2
   

phpBB robots.txt tutorial

 
 
Reply Sat 10 Apr, 2004 10:03 pm
robots.txt is a file that must be placed in the domain's root directory. Search engine spiders will load it and then follow the rules (if they are "good" spammer spiders and other miscreant spiders will not follow the rules).

robots.txt is basically the best way to keep certain pages from being spidered and indexed by search engines.

The following is an example for phpBB.

Create a file called robots.txt

Then add the rules, preventing spiders from spidering the pages you do not want them to spider.

Here is an example for a phpBB install in a subdirectory called "forums". If you have it installed in a different directory you need to change this.

Code:User-agent: *
Disallow: /forums/admin/
Disallow: /forums/images/
Disallow: /forums/includes/
Disallow: /forums/language/
Disallow: /forums/templates/
Disallow: /forums/common.php
Disallow: /forums/groupcp.php
Disallow: /forums/memberlist.php
Disallow: /forums/modcp.php
Disallow: /forums/posting.php
Disallow: /forums/profile.php
Disallow: /forums/privmsg.php
Disallow: /forums/viewonline.php
Disallow: /forums/faq.php
Disallow: /forums/updates-topic
Disallow: /forums/stop-updates-topic
Disallow: /forums/ptopic
Disallow: /forums/ntopic
Disallow: /post-


The last few pertain to the Able2Know.com SEO MOD. You might also consider preventing search.php from being spidered.
  • Topic Stats
  • Top Replies
  • Link to this Topic
Type: Discussion • Score: 2 • Views: 71,844 • Replies: 70
No top replies

 
zoomsan
 
  1  
Reply Sun 11 Apr, 2004 01:12 pm
hello craven,

what would be the benefit or the consequence to throwing in search.php in that robots.txt file?

thanks!

zm
0 Replies
 
Craven de Kere
 
  1  
Reply Sun 11 Apr, 2004 04:49 pm
Well,

This type of page:

http://www.able2know.com/forums/search.php?search_author=zoomsan

Can either help or hurt, it depends on your site's "link flow" and a couple of other trivialities.

Usernames can be SE queries and for that it can help (especially if you have thousands of members because the variety means a couple of obscure hits on SERPs.
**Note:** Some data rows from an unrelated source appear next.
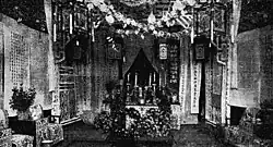 Funeral ceremonies were held at the Zhu family home on Arsenal Road beginning on 1 November 1926. These were heavily subsidized by the various organizations in which Zhu had been a member. The house was decorated in white and blue, with scrolls bearing the condolences of such figures as former president Li Yuanhong, General Lu Yongxiang, Marshal Sun Chuanfang, and Premier Wellington Koo; thousands of Shanghai residents attended.[13] A procession, described by The North-China Herald as likely the largest in Shanghai history, was planned for 7 November; it was to include hundreds of armed guards, with Zhu's casket in a hearse pulled by eight horses.[13]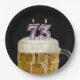 Lit birthday candles in mug of beer on black for 73rd birthday.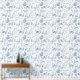 Elegant Blauw Wit Paard Bloemenpatroon Behang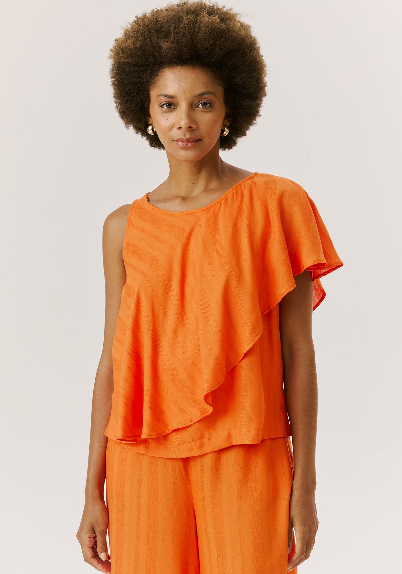 A blusa estilo regata éconfeccionada em tecido 97% viscose e 3% linho e possui um estilo autêntico emoderno. O modelo com gola redonda contém babados na parte da frente que vãoaté um dos ombros, causando um efeito visual lindíssimo.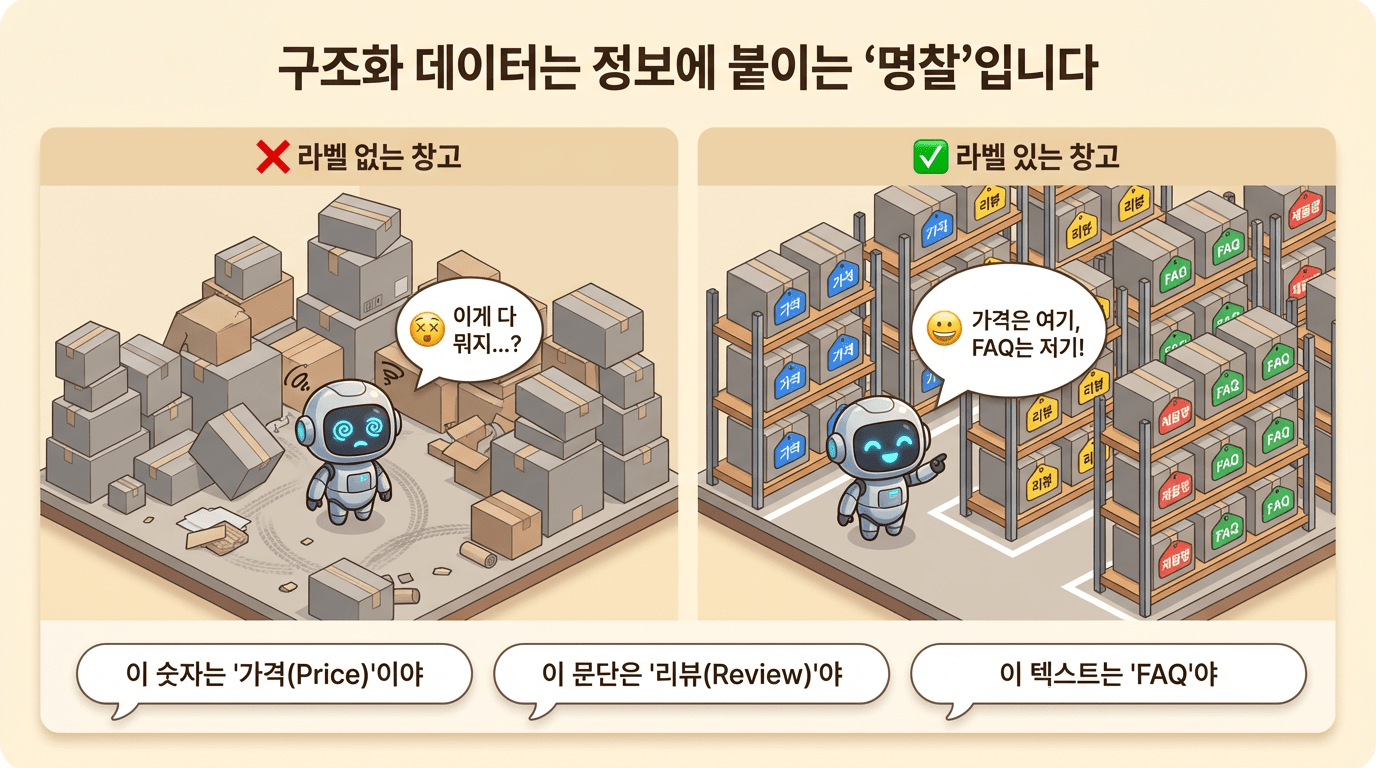 구조화 데이터는 AI가 정보를 빠르게 찾을 수 있게 해주는 ‘명찰’입니다.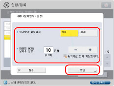 <원고방향 자동검지>에서 [설정]을 누르고 → <파일명 OCR의 문자수 설정>에서 [-] 또는 [+]를 눌러 파일 이름으로 문자 수를 설정한 다음 → [확인]을 누릅니다.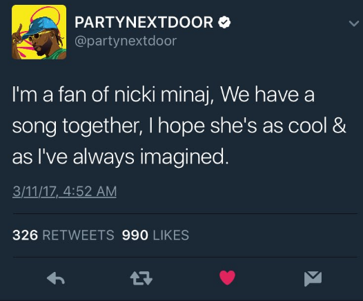 El cantante canadiense también tomó su cuenta de Twitter para pronunciarse respecto a este suceso, sin embargo, sus publicaciones ya se encuentran borradas. A través de ellas, PartyNextDoor sólo intentaba evitar un enfado de Nicki Minaj con él: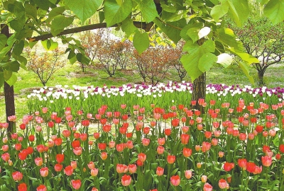 洛陽(yáng)的郁金香花園是典型的“雙花斗艷”之地,四月里牡丹的國(guó)色天香令人流連忘返,四月底五月初盛開(kāi)的郁金香花更顯優(yōu)雅清新,牡丹與郁金香交織在一起,演繹著繁華奔放與清新優(yōu)雅兩種不同的風(fēng)格。郁金香花園里的建筑多為荷蘭風(fēng)格,起伏的小型草原,精致的白色雕像群,高大的荷蘭風(fēng)車,仿佛置身于荷蘭的某個(gè)風(fēng)情小鎮(zhèn);遠(yuǎn)處熱鬧的游樂(lè)場(chǎng),郁郁蔥蔥的綠樹(shù),潺潺的流水,體現(xiàn)出中國(guó)風(fēng)格的園林之美。安靜與繁華在這里并存,十分愜意。據(jù)介紹,洛陽(yáng)郁金香花園的花卉種植面積近150畝,是人們賞花游玩、情侶傳達(dá)愛(ài)情信息、感悟異國(guó)風(fēng)情的一個(gè)好去處。
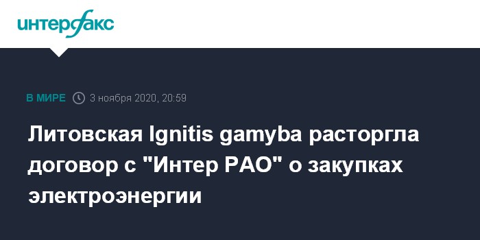 Литовская Ignitis gamyba расторгла договор с "Интер РАО" о закупках электроэнергии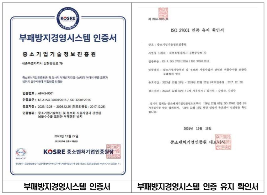 부패방지경영시스템(ISO 37001) 인증서 및 인증 유지 확인서 사본. TIPA 제공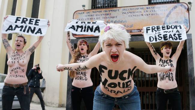 شعارهای را که تظاهر کننده گان جنبش (فیم) بربدبهای لخت خویش حک کرده بودند عبارت بودند از: "ما آزادی امینه را میخواهیم" بدن من مال خودم است" بگا.یم مورال واخلاقت را".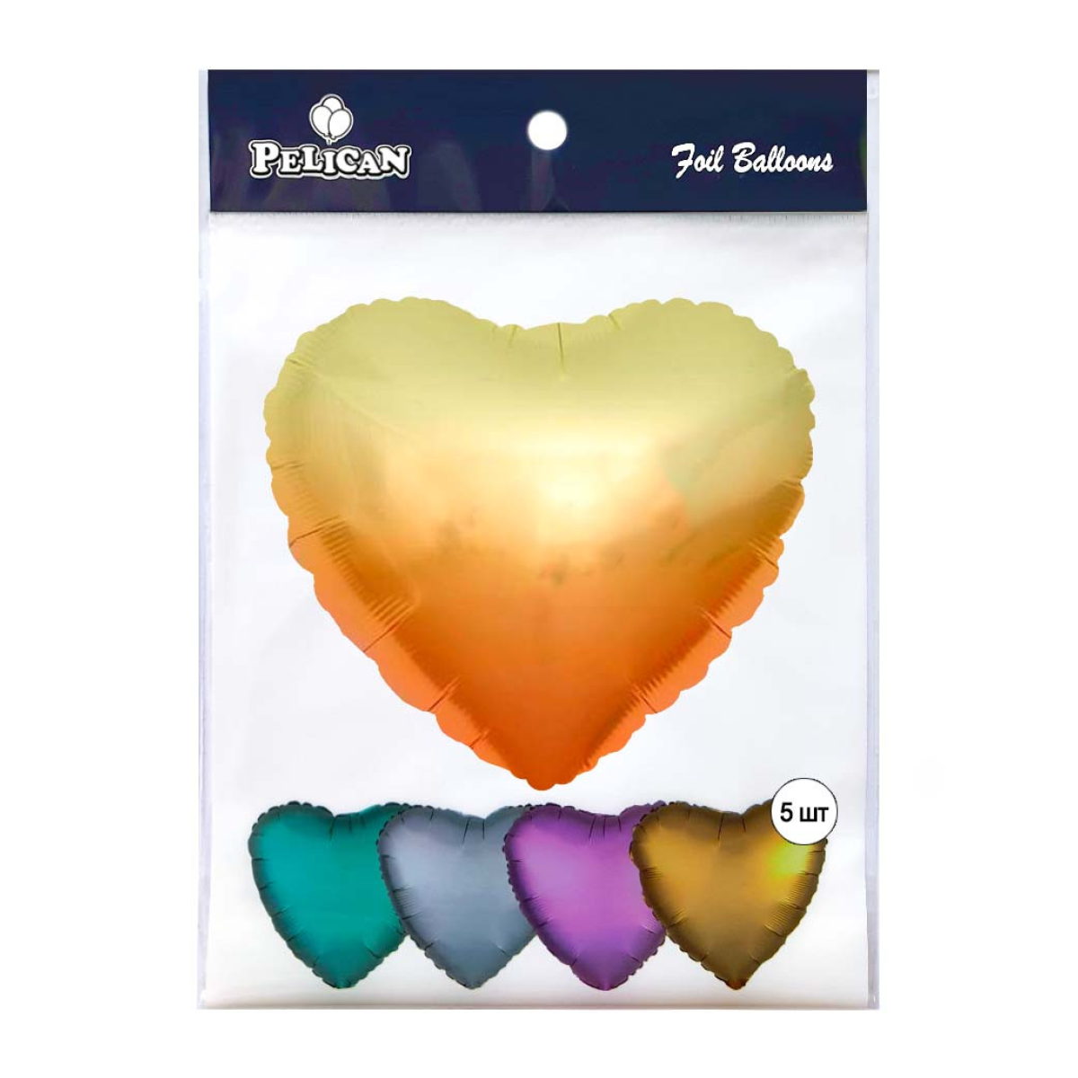Кулька фольгована Pelican 18 “СЕРЦЕ ОМБРЕ ЯНТАРНО-ЗОЛОТО 45 см, (5шт) Помаранчевий Pelican (833677) KNZ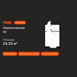 Продаётся квартира-студия площадью 24,3 кв.м на 4 этаже 7 этажного дома (Корпус 2.2, Секция 14) проекта ПИК Лермонтовский 54. Светлый просторный подъезд на уровне земли, функциональная планировка, большие окна, без отделки.

But if you have very context targeted content in smaller numbers it might just be seen as dillution of your content by search engines. To tell which it is for your site you need to follow the search engines closely as well as your log files.
0 Replies
 
zoomsan
 
  1  
Reply Mon 12 Apr, 2004 09:38 am
Sounds great!

I noticed that on the post here you left out:

Disallow: forums/post-*.html$

but you have that in the Mod file ....

what is the significance of this line and should it be included or left out in your opinion?

Thx

zm
0 Replies
 
Craven de Kere
 
  1  
Reply Mon 12 Apr, 2004 09:49 am
I left it out because that's not vanilla phpBB.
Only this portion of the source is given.